If you don't, the easiest approach will be to use a assembly stub between your generated code and your C/C++ runtime code which grabs the PC from the stack, and moves it into an argument register.
Philip
On 11/7/18 5:22 PM, Jordan Rudd via llvm-dev wrote:
Hi,
I'm trying to use the statepoint-example strategy to build a simple garbage collector. After using the PlaceSafepoints and RewriteStatepointsForGC passes, I can successfully generate a stack map in my binary and call into my runtime's gc poll.
As far as I can tell, I need the stack pointer at the point of the poll to find the correct frame in the stack map.

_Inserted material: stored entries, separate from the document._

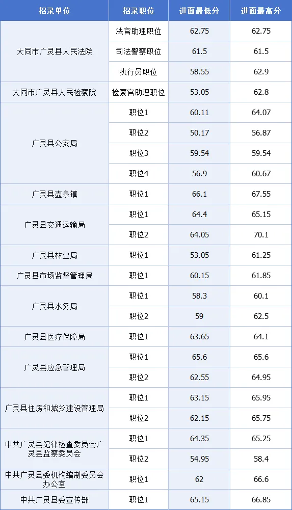 2025山西省大同广灵县公务员考试最低进面分数参考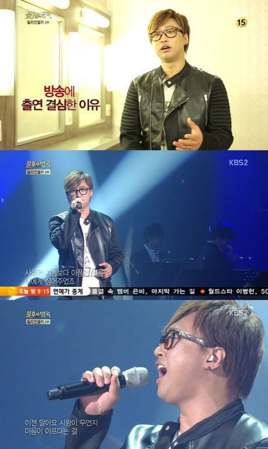 이 후 무대선 그는 김현식의 '사랑했어요'를 선보였다. 흘러간 시간만큼 외모는 달라졌지만 듣는 것만으로도 감동적인 그의 목소리는 여전했다. 눈을 감고 노래를 곱씹으며 멜로디를 피부로 느끼는 듯한 그의 모습이 돋보였고 관객도, MC들도 그의 공연에 뜨거운 박수를 보냈다.
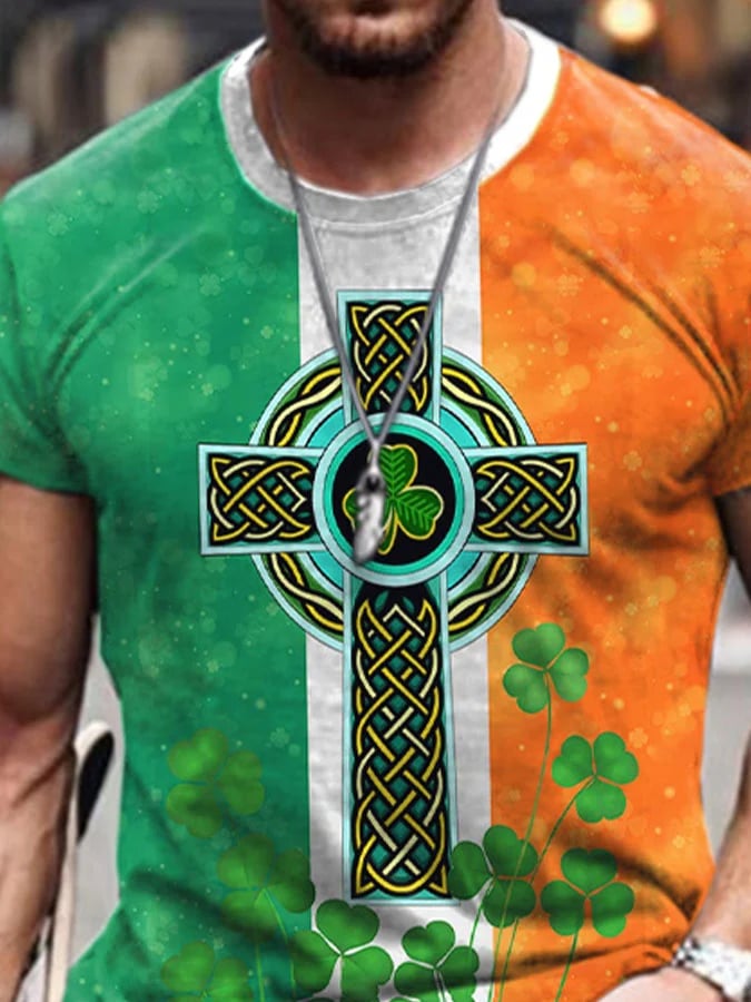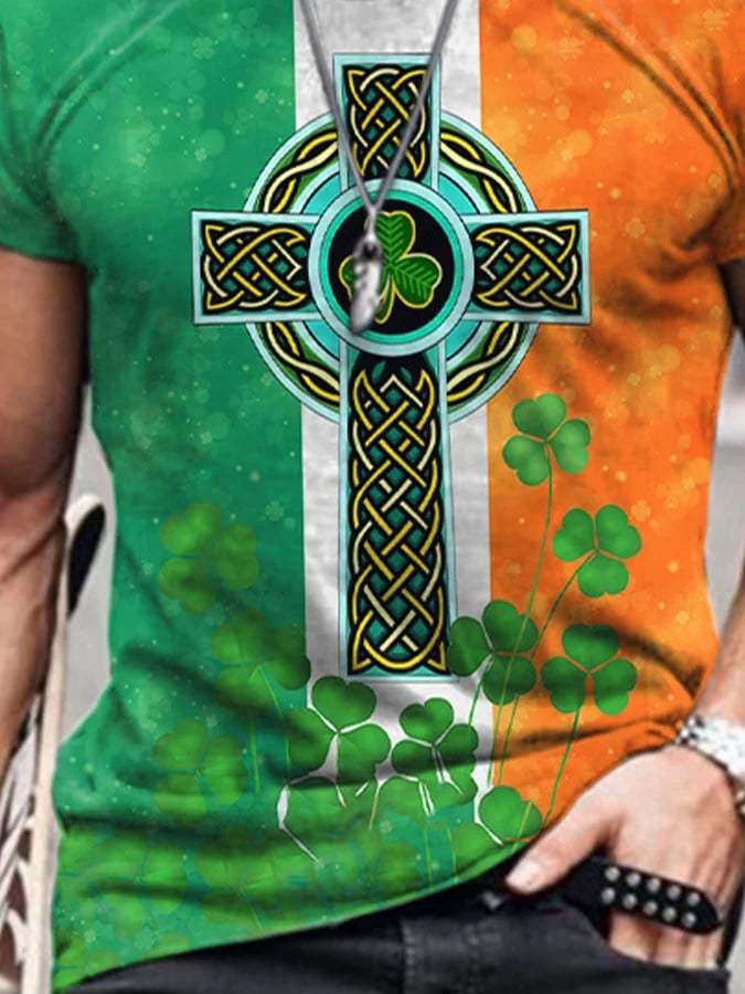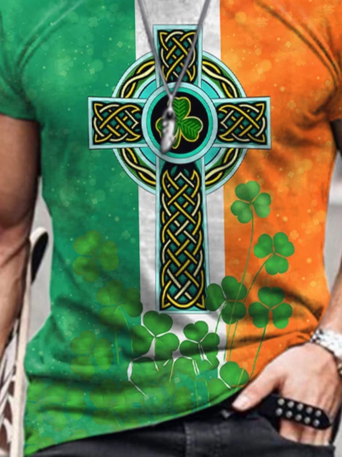 St. Patrick'S Day Shamrocks Irish Celtic Knot Cross Print T-Shirt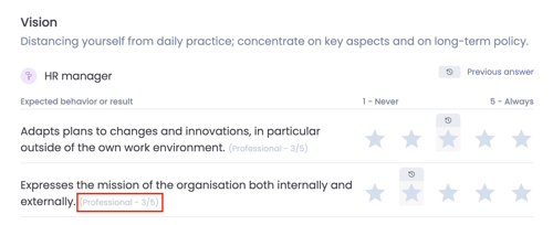 Als 'Vorige antwoorden' is geactiveerd door de Admin, zie je ook je vorige antwoorden terug in je rapport. Dit is een snelle indicator om te zien of je score gelijk is gebleven ten opzichte van een vorige evaluatie, is toegenomen of afgenomen.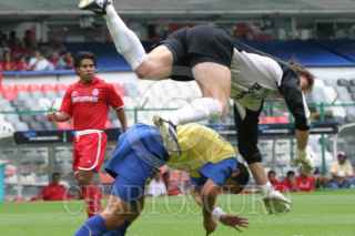 México, D.F. 30 MAYO 2004.- Cuauhtémoc Blanco, delantero del Ámerica y el portero del Toluca Hernan Cristante sufrieron un encontronazo en el primer tiempo del partido. FOTO: Sandra Perdomo/CUARTOSCURO.COM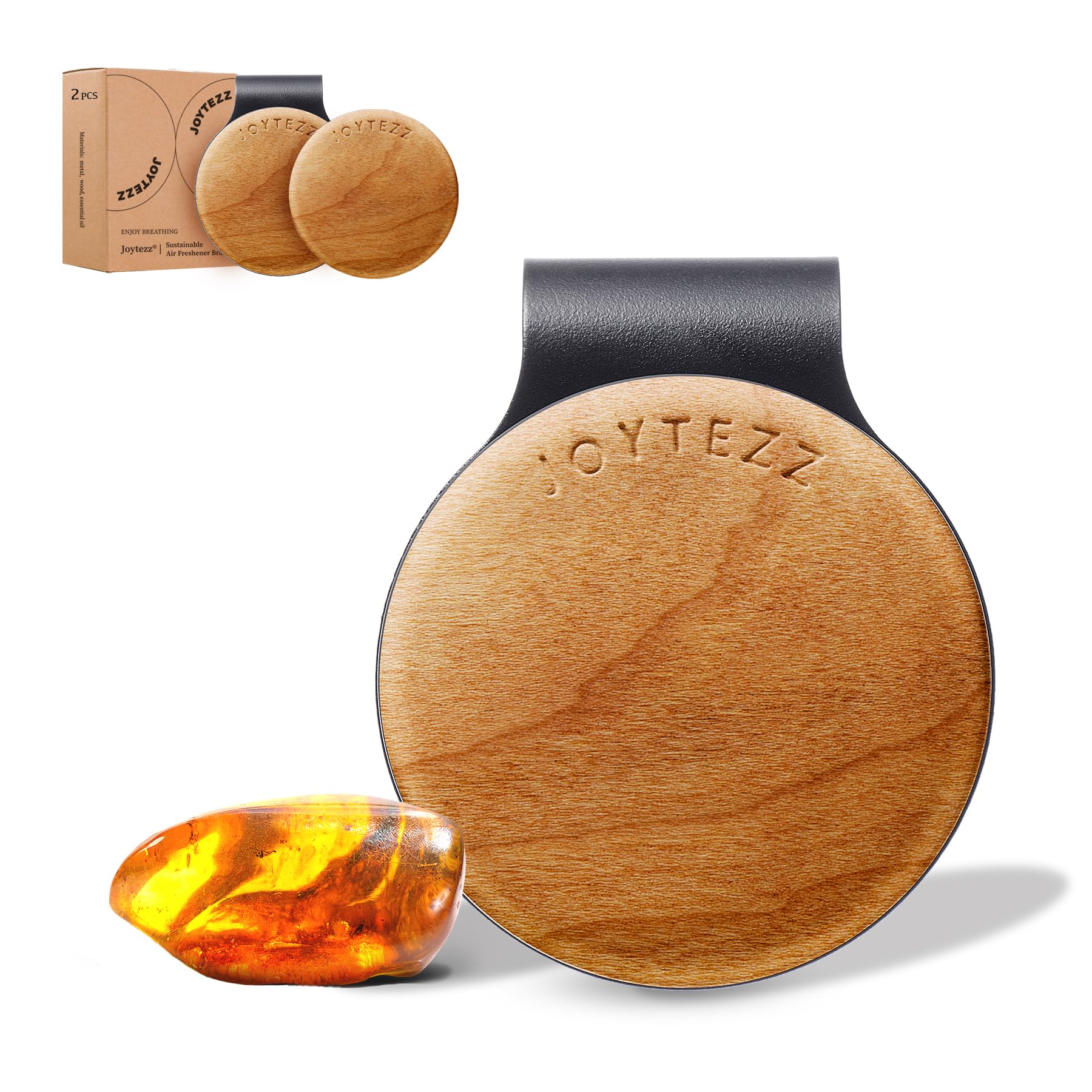 Ambientador de coche – 90 días de larga duración con 2 recambios – Kit de difusor de aire de madera ámbar para coche, visera autom

I'm having trouble doing that.
One library I looked at online (statepoint-utils) simply defines a helper function written in assembly that pushes the RSP register to RDI before calling into the runtime, so that the runtime gc polling function can read it as a parameter.
I was trying to do the same thing except in llvm, so from my gc.safepoint_poll definition, I tried adding these lines:
declare void @runtime_safepoint_poll(i64)

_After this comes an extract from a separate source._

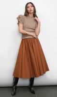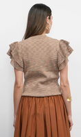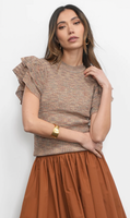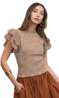 This delightful knit top is crafted from a unique, textured marled yarn in versatile, earthy tones, offering subtle depth and visual interest. It features a classic crew neckline and a flattering fitted silhouette, beautifully complemented by distinctive ruffled flutter sleeves that add a touch of romantic playfulness and movement.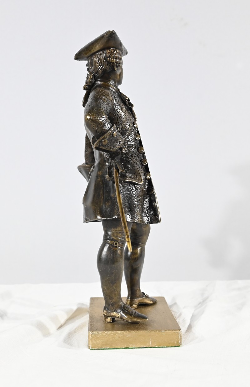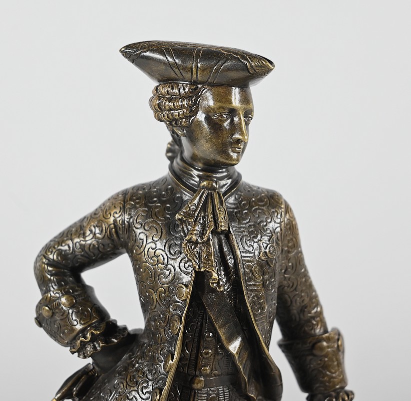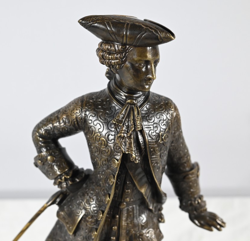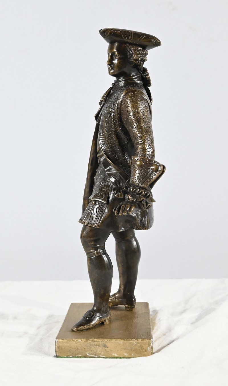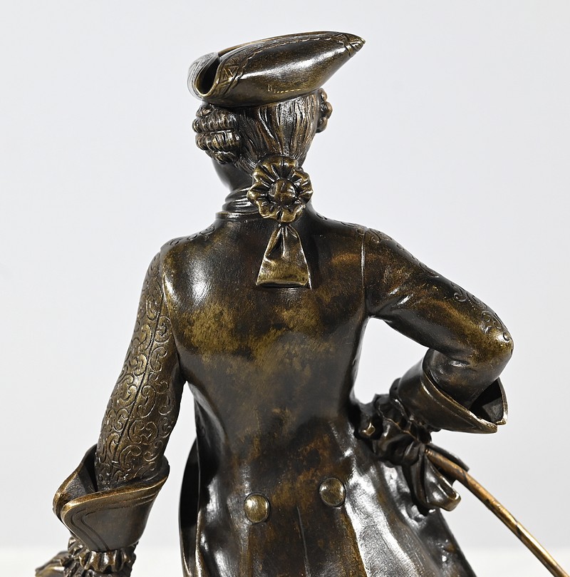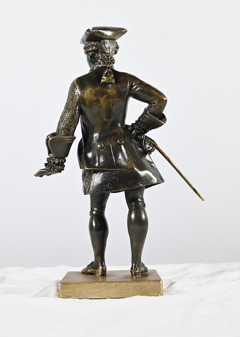 Épreuve en bronze patiné figurant un gentilhomme coiffé d’un tricorne et vêtu d’un costume que l’on imagine chamarré, agrémenté d’ornementations. En effet, sous Louis XV un justaucorps à basques est synonyme de richesse. Ces habits luxueux s’accompagnaient d’un tricorne élégant.

declare i64 @llvm.read_register.i64(metadata) #1
!0 = !{!"rsp\00"}
; Read the stack pointer and pass it to our polling function (assumes x64)
define void @gc.safepoint_poll() {
%stackpointer = call i64 @llvm.read_register.i64(metadata !0)
call void @runtime_safepoint_poll(i64 %stackpointer)
ret void
}
attributes #1 = { "gc-leaf-function" nounwind readnone }
Note that the target triple is x86_64-pc-windows-msvc.
When I test this, the values that come from reading RSP are never in the address space of the module. Like, not even close.
As far as I can tell, this should work, and I'm a little stymied as to why I'm getting back garbage. Do I misunderstand the read_register call here?